Does Opportunity Play a Role in Marital Infidelity?

Nothing kills a marriage relationship more quickly or thoroughly than infidelity. Despite living in a culture that doesn’t necessarily apply fidelity to casual relationships, it is an expectation of marriage. Vows exchanged at the altar are expected to be kept forever. When they aren’t kept, asking why is a normal reaction.

The counselors at Relationships & More in Westchester County, NY say that infidelity is something they deal with on a regular basis. They also say that it is fairly common for an unfaithful spouse to be unable to adequately explain the reasons behind infidelity. ‘It just happened’ is a common explanation.

Does this suggest that opportunity may play a role in marital infidelity?
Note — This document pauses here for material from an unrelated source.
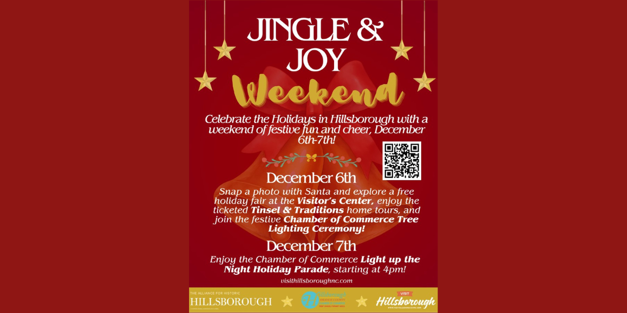 Holiday season is here, and this weekend is “Jingle & Joy” time in Hillsborough! Everyone’s invited to head downtown for the Tinsel & Traditions home tour from 3-8 p.m. Saturday, December 6, with the holiday tree lighting at 5:30 that evening; then head back downtown Sunday, December 7, for the annual Light Up The Night Holiday Parade beginning at 4 p.m. And all month long, you can visit downtown businesses and check out the entries in this year’s Homes for the Holidays gingerbread home contest.

In other words, could it be that some unfaithful spouses do not actually go out looking for someone else? Rather, an opportunity presents itself and they take the opportunity.

  • Money and Marital Infidelity

A number of studies looking at the link between money and relationship breakdown suggest opportunity could be a bigger factor than many people are willing to believe. One particular study out of the University of Connecticut showed that:

  • men who are entirely financially dependent on their wives are five times more likely to cheat
  • men who make significantly more money than their wives are also more likely to cheat
  • the men least likely to cheat are those whose financial situations are roughly equivalent to their wives.

Interestingly, women who are entirely dependent on their husbands for their financial needs are not likely to cheat. The same goes for women who make more than their husbands. This lines up with other studies that show men cheat on their wives or partners at twice the rate as women.

  • More Opportunity to Cheat

Without even knowing it, the studies linking income to infidelity may prove that opportunity has something to do with it. For instance, men who rely exclusively on their wives for financial support do not have a job to keep them occupied 8 to 10 hours per day. Even if there are children involved, men are not likely to put the same amount of effort into housework when the kids are in school. That leaves a lot of hours during the day to do other things.

On the other end of the scale are men who make a lot of money. With their high-paying jobs come longer working hours, opportunities to travel, and many more new people to meet. This can all add up to more opportunities to cheat, even among men who are not looking to do so.

  • It’s Still Not Right

Now this is not to say that marital infidelity is okay if people are not purposely looking for it. It’s not. Marital infidelity is never the right thing. And yet, intent means a lot. Someone not looking to cheat but not actively working to prevent cheating can stumble across an opportunity and find themselves unable to resist.

Ultimately, couples have to determine what they want to do once marital infidelity takes place. Some couples inevitably decide that things are too broken to fix. Others try to work on their relationships but end up failing. Still others go from infidelity straight to divorce. There is no standard we can apply across the board.

Unfortunately, marital infidelity is a reality. It has been a problem for as long as men and women have been marrying. But maybe some of the problem can be traced back to opportunity. And if so, it could be that avoiding opportunities is the best way to avoid infidelity. Eliminate opportunities to cheat and cheating may be less likely.